[[ Records supplied, beginning ]]
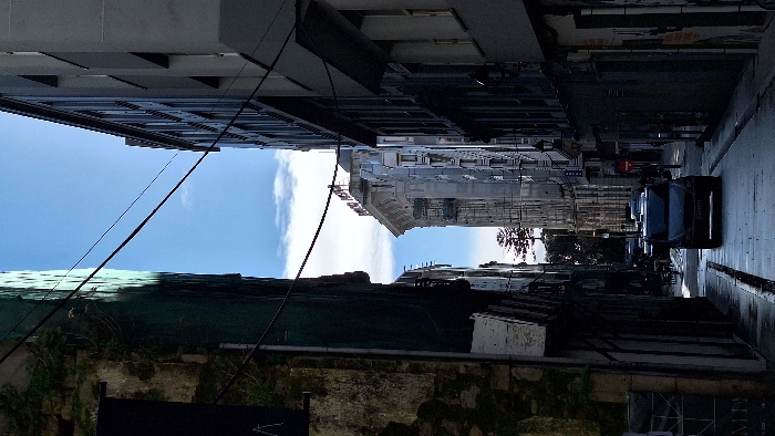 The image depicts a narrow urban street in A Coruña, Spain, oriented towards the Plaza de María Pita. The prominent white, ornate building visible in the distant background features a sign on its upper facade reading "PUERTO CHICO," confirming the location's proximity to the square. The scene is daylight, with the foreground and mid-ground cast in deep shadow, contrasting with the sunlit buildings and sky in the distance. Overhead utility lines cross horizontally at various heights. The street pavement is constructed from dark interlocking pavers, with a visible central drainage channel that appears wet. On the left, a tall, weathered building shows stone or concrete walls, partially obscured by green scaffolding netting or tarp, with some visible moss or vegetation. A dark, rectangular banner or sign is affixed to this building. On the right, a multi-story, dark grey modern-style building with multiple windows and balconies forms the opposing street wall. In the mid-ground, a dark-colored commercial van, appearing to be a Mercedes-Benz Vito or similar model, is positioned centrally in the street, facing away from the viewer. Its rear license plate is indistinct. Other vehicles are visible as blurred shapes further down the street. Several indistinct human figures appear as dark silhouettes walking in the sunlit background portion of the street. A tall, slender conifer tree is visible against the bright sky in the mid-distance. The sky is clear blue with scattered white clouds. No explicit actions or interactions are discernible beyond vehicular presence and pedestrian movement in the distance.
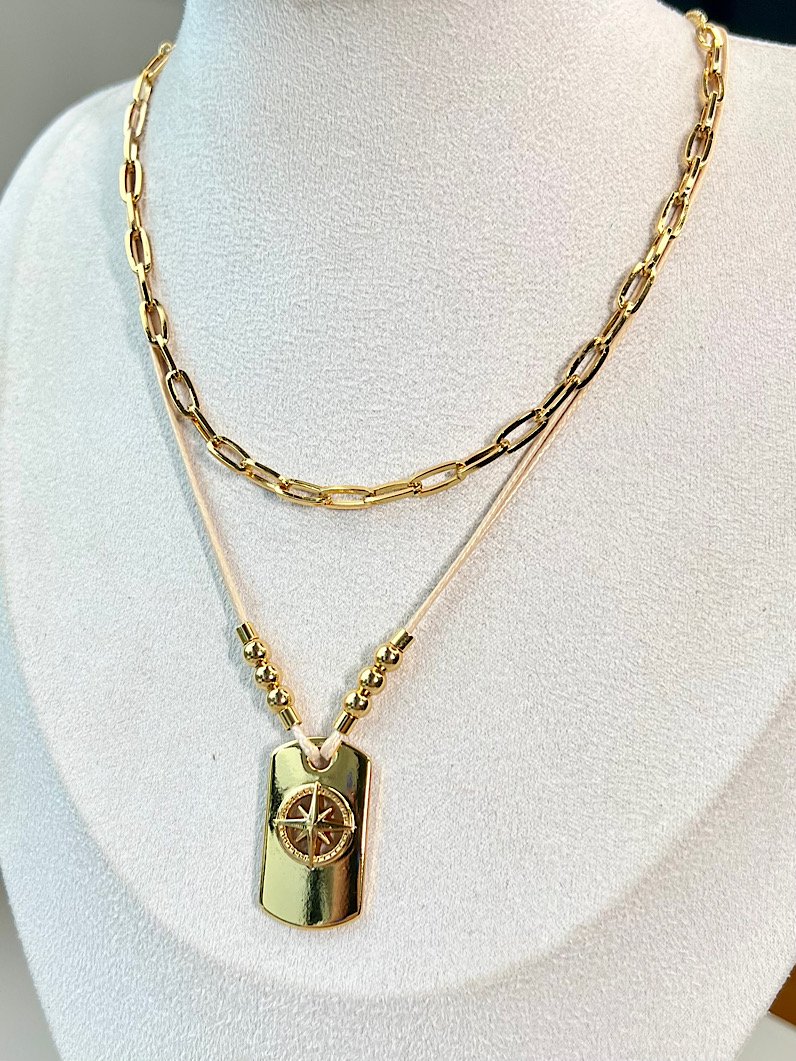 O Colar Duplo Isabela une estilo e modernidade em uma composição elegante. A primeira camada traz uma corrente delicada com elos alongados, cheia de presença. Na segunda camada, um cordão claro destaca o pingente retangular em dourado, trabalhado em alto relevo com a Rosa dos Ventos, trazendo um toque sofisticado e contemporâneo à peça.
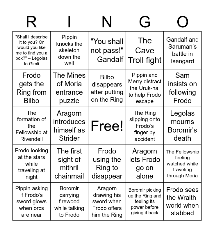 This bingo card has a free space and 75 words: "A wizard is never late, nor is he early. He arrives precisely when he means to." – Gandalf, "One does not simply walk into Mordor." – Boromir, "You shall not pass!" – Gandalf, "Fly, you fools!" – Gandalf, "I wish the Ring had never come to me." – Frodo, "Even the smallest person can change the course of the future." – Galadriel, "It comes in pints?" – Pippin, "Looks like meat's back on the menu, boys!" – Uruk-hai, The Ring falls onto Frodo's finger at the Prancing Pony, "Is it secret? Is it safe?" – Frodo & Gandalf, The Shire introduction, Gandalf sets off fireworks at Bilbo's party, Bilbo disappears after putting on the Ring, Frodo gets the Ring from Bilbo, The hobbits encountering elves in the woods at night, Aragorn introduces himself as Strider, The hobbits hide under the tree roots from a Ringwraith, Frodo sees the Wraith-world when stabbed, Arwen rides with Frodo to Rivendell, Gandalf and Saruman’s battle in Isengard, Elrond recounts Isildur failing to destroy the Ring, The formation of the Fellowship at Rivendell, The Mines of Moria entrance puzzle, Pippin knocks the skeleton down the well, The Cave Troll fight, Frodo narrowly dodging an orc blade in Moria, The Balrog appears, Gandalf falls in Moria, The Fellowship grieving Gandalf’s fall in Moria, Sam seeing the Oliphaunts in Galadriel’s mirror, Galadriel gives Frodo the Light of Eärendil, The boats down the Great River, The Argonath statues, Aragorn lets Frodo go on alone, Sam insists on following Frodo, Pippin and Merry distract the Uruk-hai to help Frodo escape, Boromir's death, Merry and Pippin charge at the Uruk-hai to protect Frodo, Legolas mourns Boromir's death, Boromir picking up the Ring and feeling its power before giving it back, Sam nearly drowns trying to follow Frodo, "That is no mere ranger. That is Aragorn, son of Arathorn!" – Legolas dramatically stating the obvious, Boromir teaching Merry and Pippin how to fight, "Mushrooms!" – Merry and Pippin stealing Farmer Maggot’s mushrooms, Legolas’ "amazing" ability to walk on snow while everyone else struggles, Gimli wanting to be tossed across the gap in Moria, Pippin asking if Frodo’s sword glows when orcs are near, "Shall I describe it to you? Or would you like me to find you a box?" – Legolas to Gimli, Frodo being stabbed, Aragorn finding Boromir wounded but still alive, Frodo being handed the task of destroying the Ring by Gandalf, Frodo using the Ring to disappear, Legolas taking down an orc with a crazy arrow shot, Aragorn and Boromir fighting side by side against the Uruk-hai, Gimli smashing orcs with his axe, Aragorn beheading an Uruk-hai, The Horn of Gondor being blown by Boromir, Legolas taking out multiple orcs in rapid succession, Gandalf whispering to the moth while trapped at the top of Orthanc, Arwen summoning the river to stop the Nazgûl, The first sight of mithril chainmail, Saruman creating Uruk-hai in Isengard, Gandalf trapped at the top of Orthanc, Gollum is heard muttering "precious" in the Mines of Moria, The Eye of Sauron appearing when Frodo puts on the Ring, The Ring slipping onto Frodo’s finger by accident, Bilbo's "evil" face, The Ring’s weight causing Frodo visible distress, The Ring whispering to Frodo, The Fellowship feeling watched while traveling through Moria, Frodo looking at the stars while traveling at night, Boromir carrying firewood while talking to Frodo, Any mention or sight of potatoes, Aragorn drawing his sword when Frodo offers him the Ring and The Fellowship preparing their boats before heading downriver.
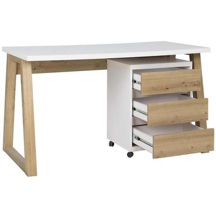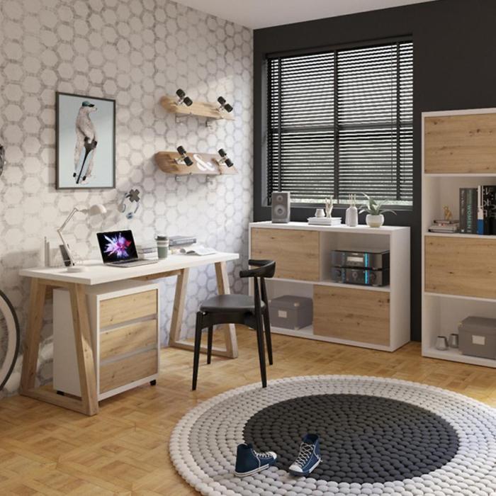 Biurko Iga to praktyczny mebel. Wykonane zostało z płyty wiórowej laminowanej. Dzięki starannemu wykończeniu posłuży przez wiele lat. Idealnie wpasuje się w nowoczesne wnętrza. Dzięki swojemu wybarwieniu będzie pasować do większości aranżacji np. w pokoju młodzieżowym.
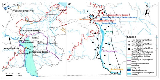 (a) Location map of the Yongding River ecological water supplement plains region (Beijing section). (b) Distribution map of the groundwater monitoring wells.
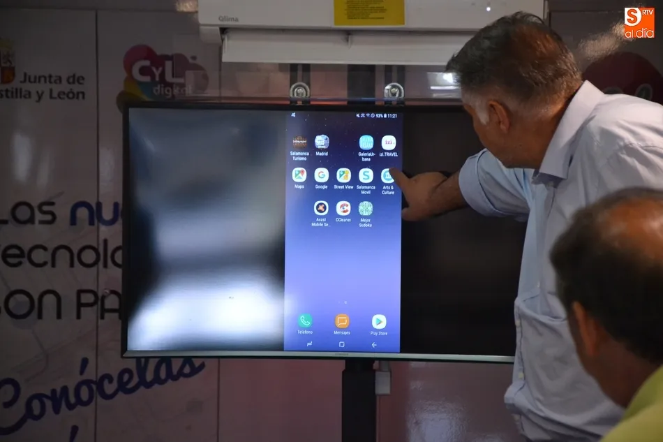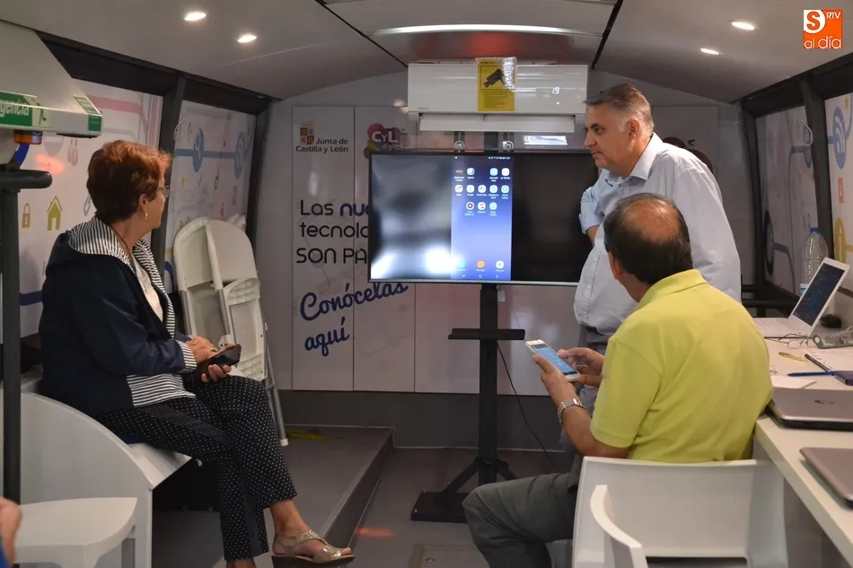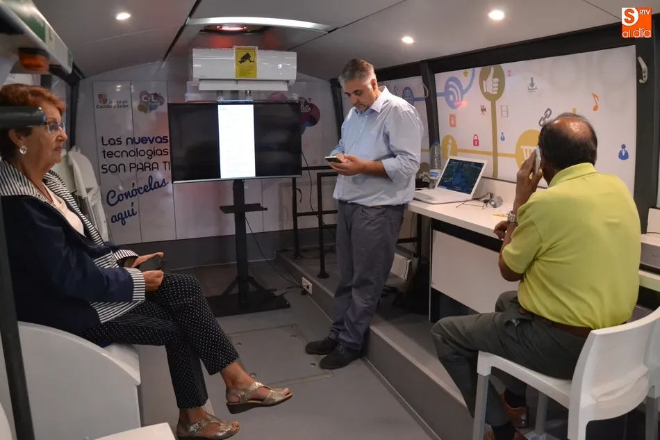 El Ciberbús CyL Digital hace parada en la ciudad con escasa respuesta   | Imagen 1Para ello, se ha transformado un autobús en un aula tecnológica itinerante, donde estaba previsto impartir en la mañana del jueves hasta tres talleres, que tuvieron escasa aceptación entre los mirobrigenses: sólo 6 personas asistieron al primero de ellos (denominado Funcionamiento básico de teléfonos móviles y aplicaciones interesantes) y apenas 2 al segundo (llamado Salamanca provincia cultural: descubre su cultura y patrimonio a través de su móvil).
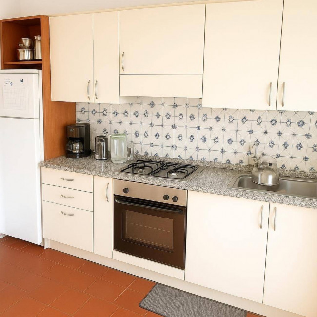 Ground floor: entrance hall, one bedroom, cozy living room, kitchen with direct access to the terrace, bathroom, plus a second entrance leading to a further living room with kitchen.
[[ Records supplied, end ]]
Task: Starting at the line that contains "(a) Location map", please write out every line to the end of the entries, inclusive, copied exactly and with pictures omitted.

Response:
 (a) Location map of the Yongding River ecological water supplement plains region (Beijing section). (b) Distribution map of the groundwater monitoring wells.
 El Ciberbús CyL Digital hace parada en la ciudad con escasa respuesta   | Imagen 1Para ello, se ha transformado un autobús en un aula tecnológica itinerante, donde estaba previsto impartir en la mañana del jueves hasta tres talleres, que tuvieron escasa aceptación entre los mirobrigenses: sólo 6 personas asistieron al primero de ellos (denominado Funcionamiento básico de teléfonos móviles y aplicaciones interesantes) y apenas 2 al segundo (llamado Salamanca provincia cultural: descubre su cultura y patrimonio a través de su móvil).
 Ground floor: entrance hall, one bedroom, cozy living room, kitchen with direct access to the terrace, bathroom, plus a second entrance leading to a further living room with kitchen.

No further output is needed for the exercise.